| Your task |
Starting at the line that contains "Fix15 is a high" and stopping after the line that contains "10×10 Pop Up", transcribe the listing below exactly; do not include any pictures.

| Data in this exercise |

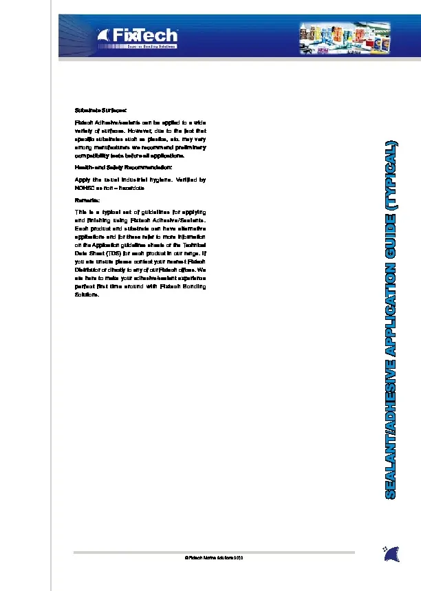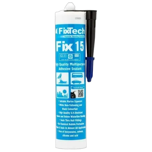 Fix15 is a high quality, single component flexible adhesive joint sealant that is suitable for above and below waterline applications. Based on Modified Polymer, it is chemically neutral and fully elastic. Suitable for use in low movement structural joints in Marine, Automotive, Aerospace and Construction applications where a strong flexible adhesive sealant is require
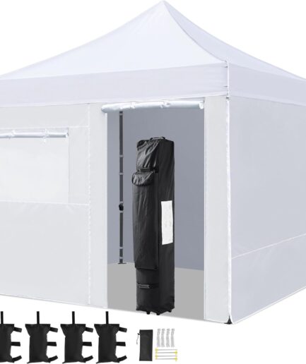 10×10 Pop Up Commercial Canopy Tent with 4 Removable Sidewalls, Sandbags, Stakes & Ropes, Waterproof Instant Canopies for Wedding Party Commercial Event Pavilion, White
* * *
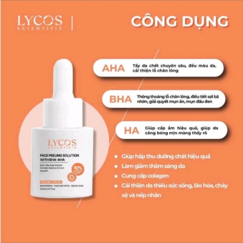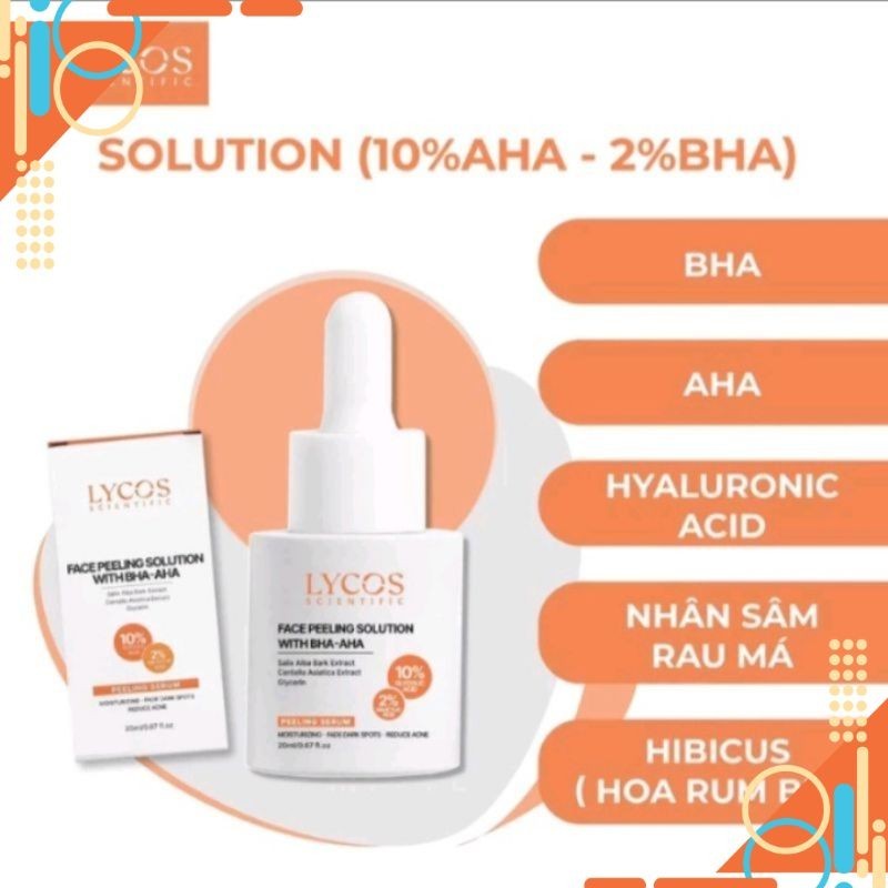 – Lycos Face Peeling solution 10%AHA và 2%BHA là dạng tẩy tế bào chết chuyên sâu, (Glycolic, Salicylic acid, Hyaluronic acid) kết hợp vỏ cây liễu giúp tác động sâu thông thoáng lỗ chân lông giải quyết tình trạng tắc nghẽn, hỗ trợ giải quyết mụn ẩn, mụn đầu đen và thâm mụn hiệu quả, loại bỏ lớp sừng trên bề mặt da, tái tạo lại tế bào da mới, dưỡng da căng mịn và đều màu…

| Answer below |
 Fix15 is a high quality, single component flexible adhesive joint sealant that is suitable for above and below waterline applications. Based on Modified Polymer, it is chemically neutral and fully elastic. Suitable for use in low movement structural joints in Marine, Automotive, Aerospace and Construction applications where a strong flexible adhesive sealant is require
 10×10 Pop Up Commercial Canopy Tent with 4 Removable Sidewalls, Sandbags, Stakes & Ropes, Waterproof Instant Canopies for Wedding Party Commercial Event Pavilion, White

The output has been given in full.